|Children of my Heart / Gabrielle Roy|
Toronto: McLelland & Stewart, 2000, c1977.
Each focuses on one student, though the telling illuminates a larger reality. The stories reveal glimpses of the lives of Vincento, Clair Bright, Nile, Demetrioff, André Pasquier and Mederic Eymard. From Vincento, a recent immigrant terrified to leave his gentle father at the beginning of school, to Mederic, who is in his late teens and old enough that he really shouldn't be at school anymore at all, this teacher sees it all.
Like most of Roy's writing, this is full of nostalgia and bittersweet observation. It's all remembering, a vision of the past. And while it's also full of love and sorrow and caring, somehow she always avoids the easy sentimental aspect in her stories.
I really enjoyed the story about Nile, a young Ukrainian who is both good-natured and a gifted singer. The teacher wants to uses his talents to cheer up and encourage the class, and then gets the idea to have him perform for the local nursing home. To get permission, she visits his mother. The description of her visit, and the location of their home, is both historically accurate and viscerally described.

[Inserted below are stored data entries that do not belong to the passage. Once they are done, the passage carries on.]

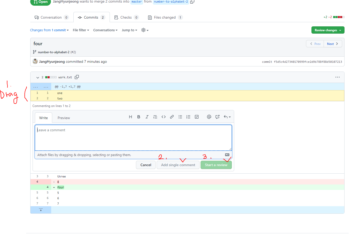 1. 원하는 수정 라인을 drag 후, + 버튼을 클릭하면, 아래와같이 댓글창이 나온다.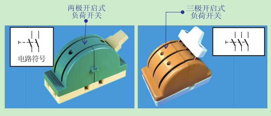 图2-2 两极开启式负荷开关和三极开启式负荷开关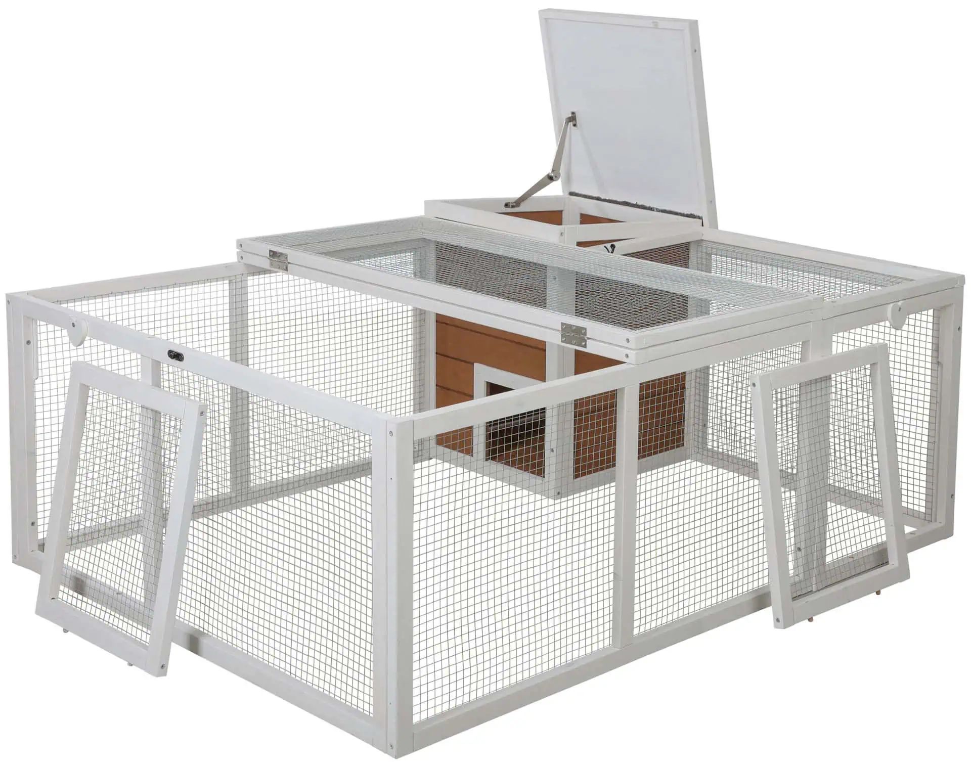 Cet enclos est idéal pour les propriétaires d'animaux qui souhaitent offrir à leurs compagnons une grande liberté de mouvement sans compromettre la sécurité et le confort. Il convient particulièrement aux lapins et autres petits animaux qui ont besoin de se déplacer tout en ayant un endroit protégé où se retirer. Fabriqué en bois de haute qualité, connu pour sa durabilité et sa résistance aux intempéries, cet enclos est conçu pour durer.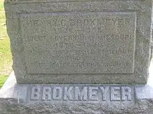 - ↑ He seems to have used both "Brokmeyer" and "Brockmeyer" at various times in his life.

The pride in housekeeping that this woman shows for her shack is touching.
Most of these stories are anecdotes; they start and finish in the middle of things and there is no compelling arc to follow, other than that of the teacher's growing experience of many kinds of lives. The final story is a bit longer, and a bit more constructed, and funnily enough it was only when I got to it that I remembered that I'd read this collection years and years ago. Mederic stuck in my head when I first read this, and I found him again in this final story.
It's a likely tale; the late teenager still attends school, and becomes friendly with the teacher, after some posturing that she had to manage. But Mederic's father is an embarrassment to him, a crass man who only sees this young teacher as a civilized person that is a good match for Mederic -- as he's obviously too good for the other villagers. Mederic's father is the farthest thing from civilized, that's the irony. But Roy's gentle depiction of each character as they navigate this situation is balanced and compassionate.
Once again, I enjoyed Roy's work. When I am in the mood for gentle, thoughtful, and skillful writing about people's interior lives in Canadian settings, I reach for her books. Always recommended.